• _Task instructions_:
From the data below, repeat everything exactly except the images.

• _Input data_:

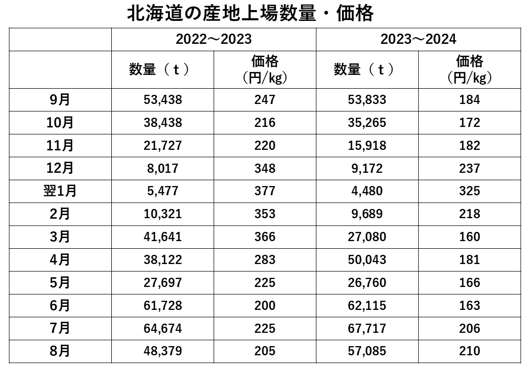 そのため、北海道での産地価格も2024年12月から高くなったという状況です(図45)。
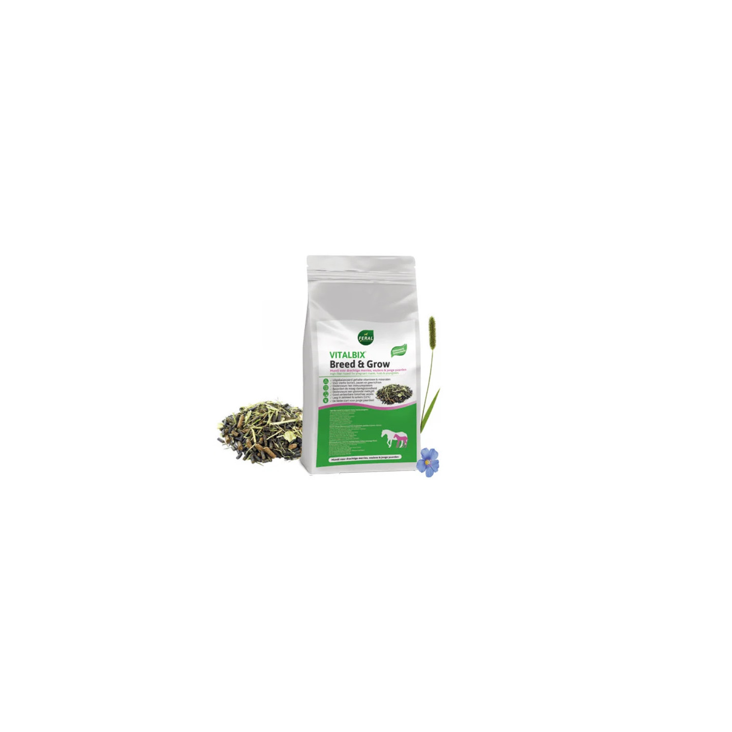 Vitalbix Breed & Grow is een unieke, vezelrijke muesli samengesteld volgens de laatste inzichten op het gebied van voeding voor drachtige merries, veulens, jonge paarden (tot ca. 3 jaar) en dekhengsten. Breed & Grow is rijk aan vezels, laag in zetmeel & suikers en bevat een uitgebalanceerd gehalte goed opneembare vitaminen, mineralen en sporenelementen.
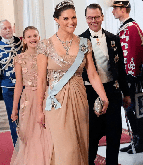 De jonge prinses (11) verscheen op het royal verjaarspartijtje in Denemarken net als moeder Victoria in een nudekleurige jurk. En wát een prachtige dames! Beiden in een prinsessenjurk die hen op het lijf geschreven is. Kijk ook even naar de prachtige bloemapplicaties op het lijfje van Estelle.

• _Result for this exercise_:
 そのため、北海道での産地価格も2024年12月から高くなったという状況です(図45)。
 Vitalbix Breed & Grow is een unieke, vezelrijke muesli samengesteld volgens de laatste inzichten op het gebied van voeding voor drachtige merries, veulens, jonge paarden (tot ca. 3 jaar) en dekhengsten. Breed & Grow is rijk aan vezels, laag in zetmeel & suikers en bevat een uitgebalanceerd gehalte goed opneembare vitaminen, mineralen en sporenelementen.
 De jonge prinses (11) verscheen op het royal verjaarspartijtje in Denemarken net als moeder Victoria in een nudekleurige jurk. En wát een prachtige dames! Beiden in een prinsessenjurk die hen op het lijf geschreven is. Kijk ook even naar de prachtige bloemapplicaties op het lijfje van Estelle.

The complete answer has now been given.